What a great adventure!


----------



## Austin Dave (Jul 7, 2010)

WOW!! That is just ....incredible. Thanks so much for doing this DC. I'm just in awe. 

d


----------



## DoubleCentury (Nov 12, 2005)

*Ride Time*

The two-day round trip distance was about 80 miles with 12,000 feet of climbing.

The trip from Aspen to CB was definitely much harder, with an actual ride time of around 6 hours. I stopped for a lot of photos, and at one point even lost the camera on the trail and had to carefully back-track. I probably lost more than an hour doing that.

The trip from CB to Aspen was faster, with this old Salsa being first to the summit in about 3 hours and an hour or so down. It started to snow on the way down. Like Don Cook said of the 1980 Tour, 'we were "Touring" like hell!"


----------



## stan lee (Mar 5, 2006)

Who had #6?


----------



## DoubleCentury (Nov 12, 2005)

Maybe the owner of #6 will chime in here. The bike was presented in the Salsa thread previously.

http://forums.mtbr.com/4656894-post135.html


----------



## stan lee (Mar 5, 2006)

I remember that one!


----------



## ameybrook (Sep 9, 2006)

What everyone else said. CB and Aspen are both unforgettable places to ride mountain bikes. Major props in bringing the salsa back to 12k feet.


----------



## colker1 (Jan 6, 2004)

Best thread ever.


----------



## Joe Steel (Dec 30, 2003)

That was cool. I'd like to do that some day.


----------



## Rumpfy (Dec 21, 2003)

I don't think that anyone will be able to eclipse what you've done here.


It was subtly glazed over....but you and the vintage Salsa beat everyone to the top! Nice work!


----------



## Fillet-brazed (Jan 13, 2004)

Rumpfy said:


> I don't think that anyone will be able to eclipse what you've done here.
> 
> It was subtly glazed over....but you and the vintage Salsa beat everyone to the top! Nice work!

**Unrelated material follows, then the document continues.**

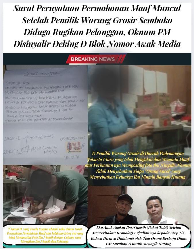 SidakCepatNews.com – Jakarta Utara, 7 Agustus 2025 – Sebuah surat pernyataan permohonan maaf muncul setelah seorang pemilik warung grosir sembako berinisial D diduga melakukan tindakan yang merugikan salah satu pelanggannya, Ibu Ningsih. Kejadian ini bermula ketika D membuat story WhatsApp yang memposting foto Ibu Ningsih bersama cucunya tanpa izin, disertai caption yang dianggap sangat merugikan korban dan keluarganya. Hal ini dipicu oleh keterlambatan pembayaran sisa belanja sebesar Rp 500.000. surat tersebut dibuat tanggal 5 Agustus 2025 di warung milik D dan T.

To "eclipse" this, the next guy will have to beat them all _down_ the mountain. 

Nice ridin' TD!!

Oh, and that trail was not even "vintage friendly"!! haha!


----------



## DoubleCentury (Nov 12, 2005)

Fillet-brazed said:


> To "eclipse" this, the next guy will have to beat them all _down_ the mountain.


Oh so true! Those full-suspension 29ers just floated over the 5 miles of really rough stuff.

It is amazing to see how fast people were taking the descent in the 1980 video, but they didn't have as much invested in their bike as me, and if it broke it broke. I felt some obligation to the original owner to bring it down in one piece.

On the way down I passed a couple groups of hikers that commented about the old-school bike after seeing all the new stuff go flying by. That did make me smile.


----------



## laffeaux (Jan 4, 2004)

Really nice post! That's an awesome answer to: "do people actually ride their vintage bikes?" If you can do the ride that you did, these bikes can go just about anywhere (although maybe a bit slower on the downhill).

Great post!!!!!!


----------



## girlonbike (Apr 24, 2008)

Phenomenal, DC! So much awesomeness, I have nothing else to say.


----------



## muddybuddy (Jan 31, 2007)

Thanks for sharing. Great photos, cool story, and props for taking that bike out and using it like it was intended, and showing everyone else up on the climb.:thumbsup:


----------



## mainlyfats (Oct 1, 2005)

+1. What a great thing to have done! Glad you documented it so well.


----------



## fat-tony (Sep 6, 2005)

Sofa king cool! Hats off to you bro! Thanks for not only rocking it on the trail but to take the time to document it. Damn, I miss Colorado.


----------



## DoubleCentury (Nov 12, 2005)

fat-tony said:


> Thanks for not only rocking it on the trail but to take the time to document it. Damn, I miss Colorado.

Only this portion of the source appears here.